Personal information
- Born: 3 April 1987 (age 39) Sydney, New South Wales, Australia
- Height: 6 ft 2 in (1.88 m)
- Weight: 16 st 6 lb (106 kg)

Playing information
- Position: Prop, Second-row, Centre
Club
| Years | Team | Pld | T | G | FG | P |
| 2005–08 | South Sydney | 34 | 11 | 0 | 0 | 44 |
| 2009–10 | Canterbury Bulldogs | 34 | 0 | 0 | 0 | 0 |
| 2011 | Penrith Panthers | 3 | 0 | 0 | 0 | 0 |
|  | Total | 71 | 11 | 0 | 0 | 44 |
Representative
| Years | Team | Pld | T | G | FG | P |
| 2008–10 | Indigenous All Stars | 2 | 1 | 0 | 0 | 4 |
- Source:

= Yileen Gordon =

Australian rugby league footballer

Yileen "Buddy" Gordon (also known as Yilleen Gordon) (born 3 April 1987) is an Australian rugby league footballer who played for the South Sydney Rabbitohs in the NSW Cup. Gordon formerly played for the Canterbury-Bankstown Bulldogs and Penrith Panthers. He was sacked by the West Tigers in February, 2014 for breach of contract. He played in the Centres and has previously played in the back-row or at centre.

==Playing career==
Yileen Gordon started his career at the South Sydney Rabbitohs in 2005. He made his debut for the South Sydney Rabbitohs against the Canterbury-Bankstown Bulldogs in round 13 of the 2005 NRL season, Gordon spent most of his time when not playing for Souths with the North Sydney Bears Souths feeder side in the Intrust Super Premiership NSW. Gordon played for Norths in their 2007 Intrust Super Premiership NSW grand final loss to Parramatta where he scored a try in the first half of the match.

Gordon made a total of 31 appearances for Norths and scored 17 tries.

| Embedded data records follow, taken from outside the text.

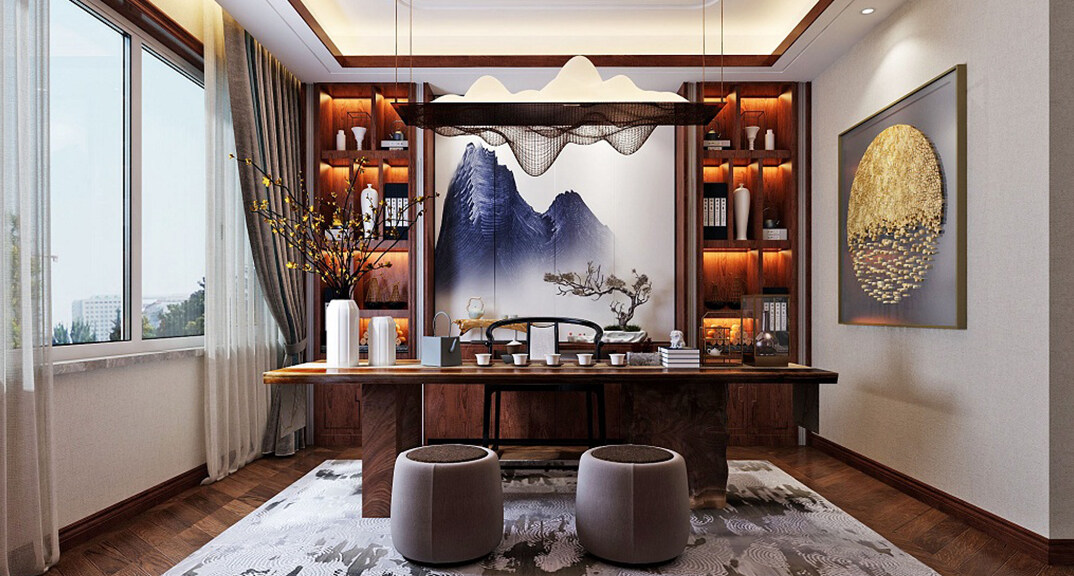龍湖原山400㎡別墅書房美式風(fēng)格裝修案例效果圖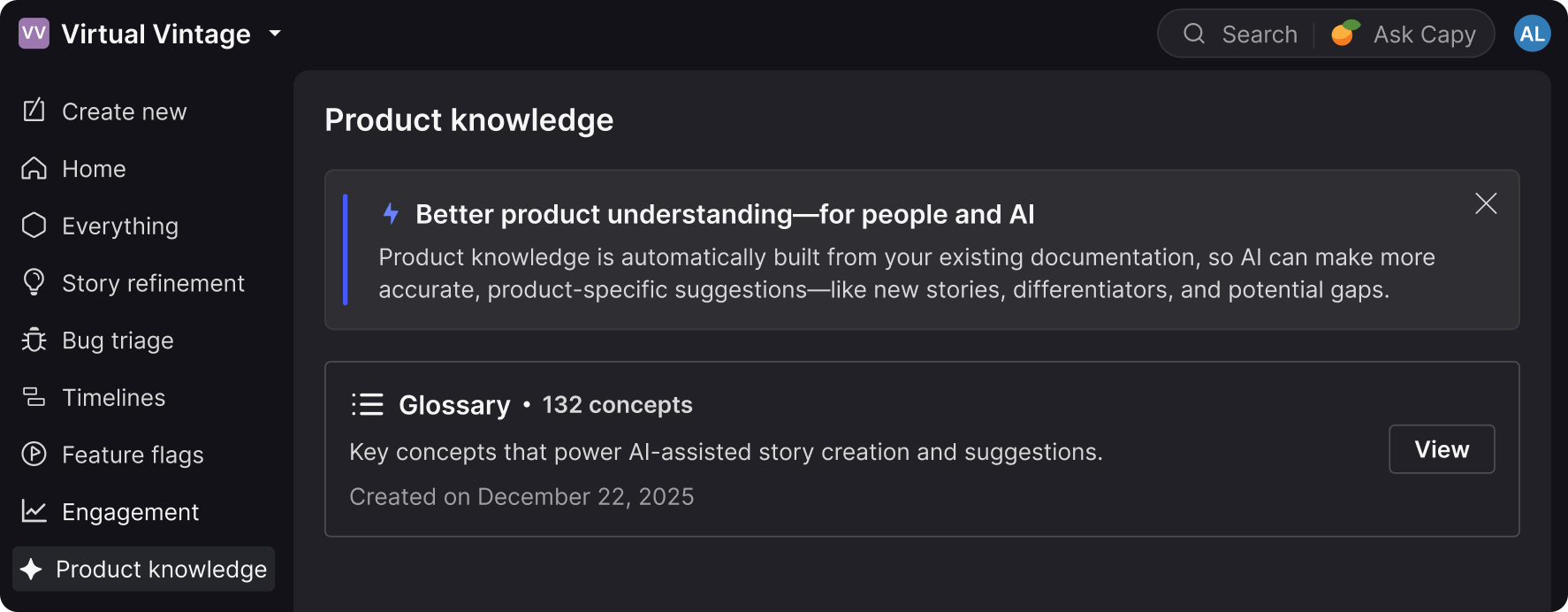 We're experimenting with a product knowledge feature that analyzes your help documentation and builds a shared vocabulary of key product concepts you can export and use as context for AI tools. Instead of guessing, AI tools can understand your product's language and how the pieces fit together.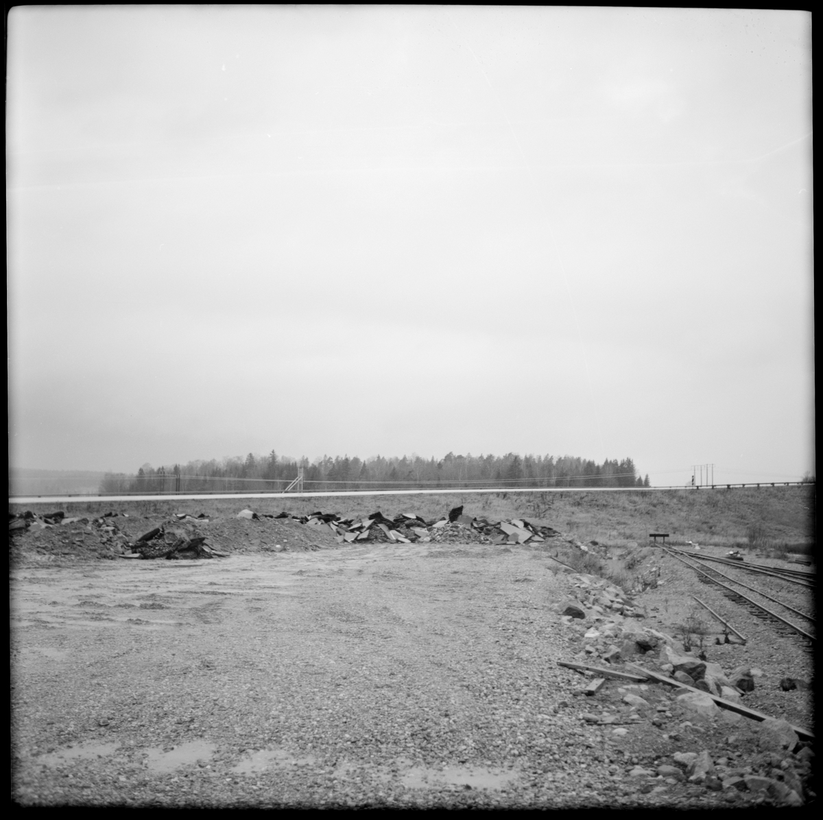 Titel: Pågående arbete med läggning av smalspår vid Läggesta Södra station där Museijärnvägen, Östra Södermanlands Järnväg, ÖSlJ förlänger bansträckningen.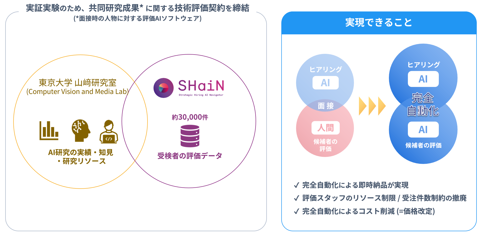 これらの課題を解決するために、「評価」の部分においてもAIによる自動化が必要と考え、評価データの蓄積とAI・ディープラーニング等の技術を組み合わせたシステムの開発を進めてきました。2020年からは知覚情報処理を専門とする東京大学大学院情報理工学系研究科 山﨑俊彦教授(Computer Vision and Media Lab)との共同研究をスタート。共同研究成果である「面接時の人物に対する評価AI」プログラムが、このたび、サービスに求められる条件をクリアしたと判断し、実証実験を開始することとなりました。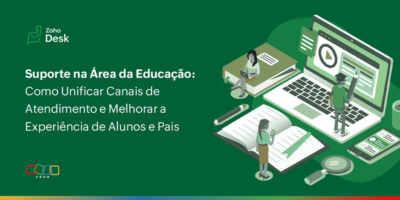 Então, não perca mais tempo! Ofereça uma experiência de suporte mais inteligente e centralizada na sua instituição com o Zoho Desk.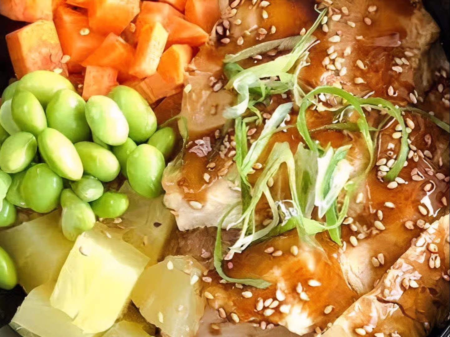 Fried rice, baked teriyaki chicken, edamame, carrot, pineapple, topped with teriyaki sauce, green onion and sesame seed.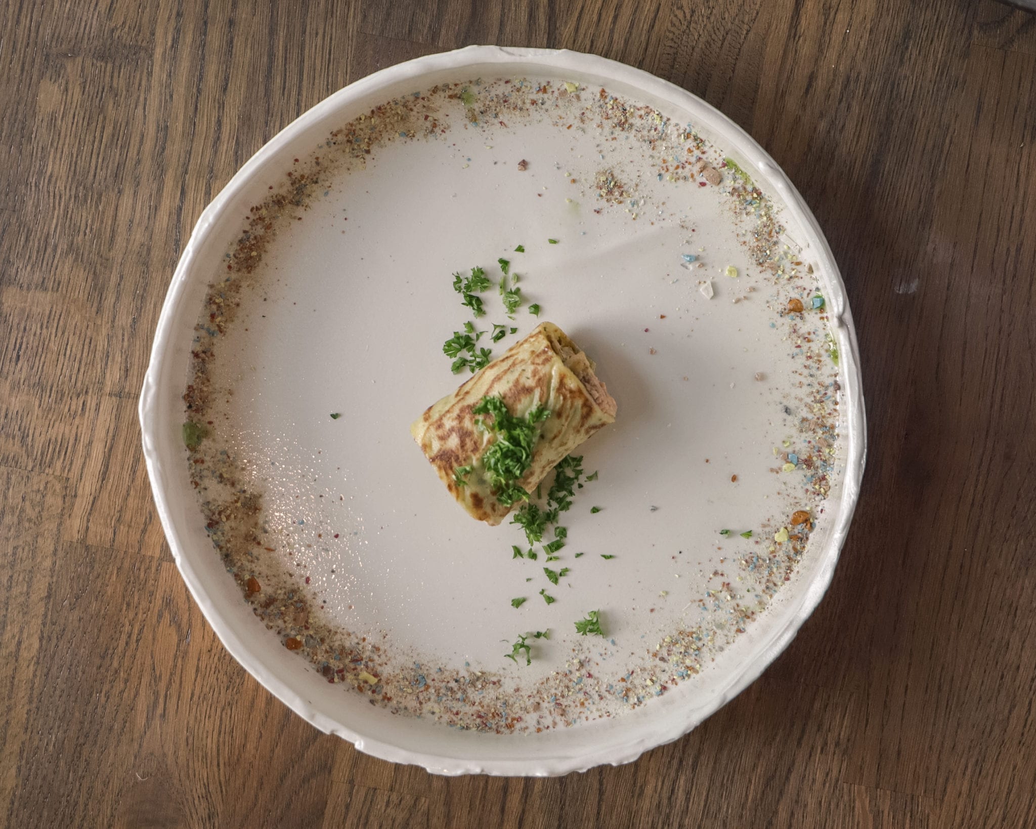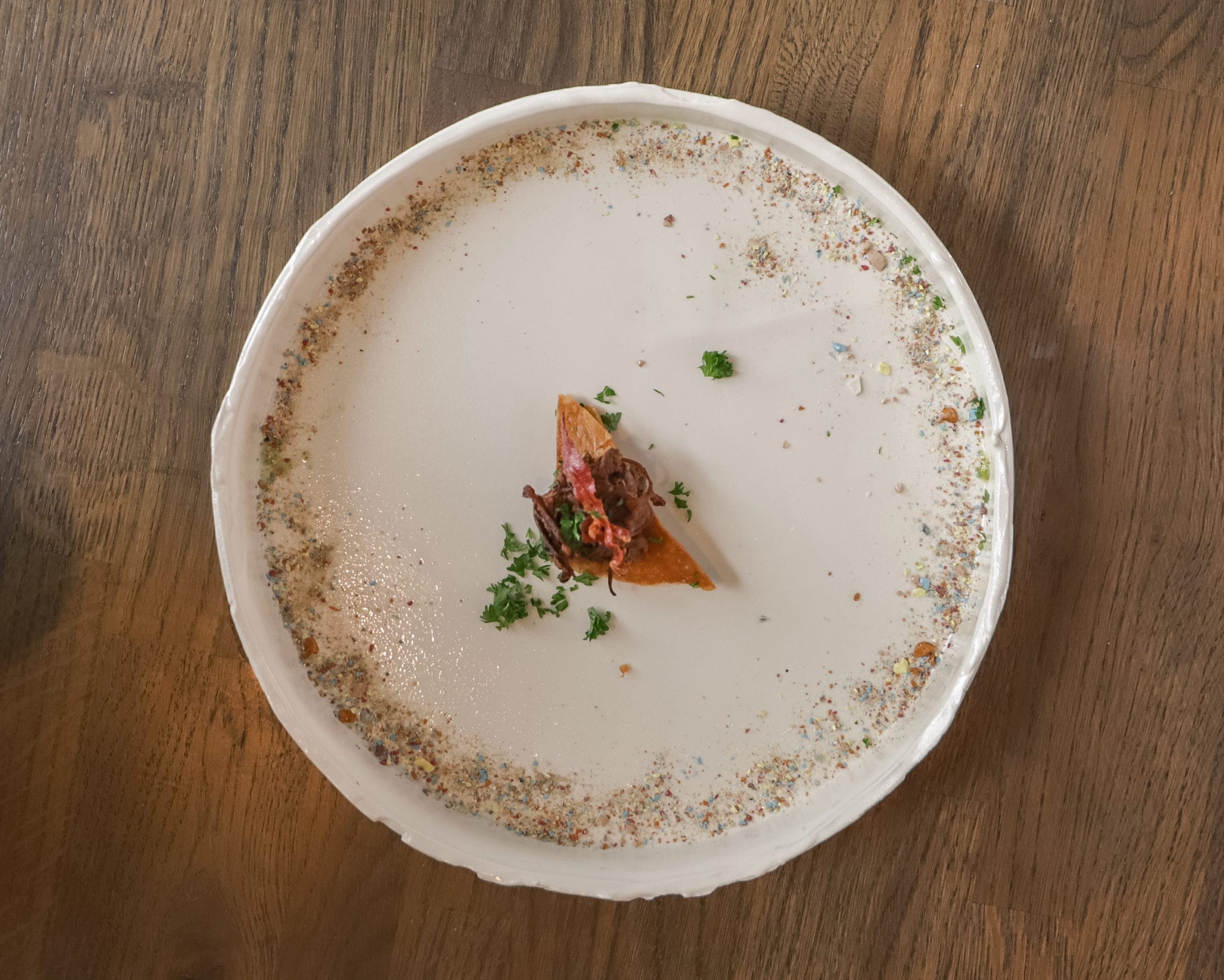 Rækjukóngur með jarðskokka ragú, hrognum og froðu 2020

In 2008 he signed with the Canterbury-Bankstown Bulldogs, the team he played against in his debut. Gordon signed with the Penrith Panthers for the 2011 season, and his Penrith debut was a 26 - 18 loss against the New Zealand Warriors in round 8.

Gordon played the majority of the 2011 season for the Panthers' NSW Cup feeder club, the Windsor Wolves.

== Post NRL ==
After being released by Penrith, he spent 2012 playing for Moore Park in the South Sydney local league and was working at the National Centre of Indigenous Excellence, where he was part of the healthy lifestyle team and delivered anti-smoking workshops as well as educating Indigenous youth and the wider community on cost effective, healthier meal choices.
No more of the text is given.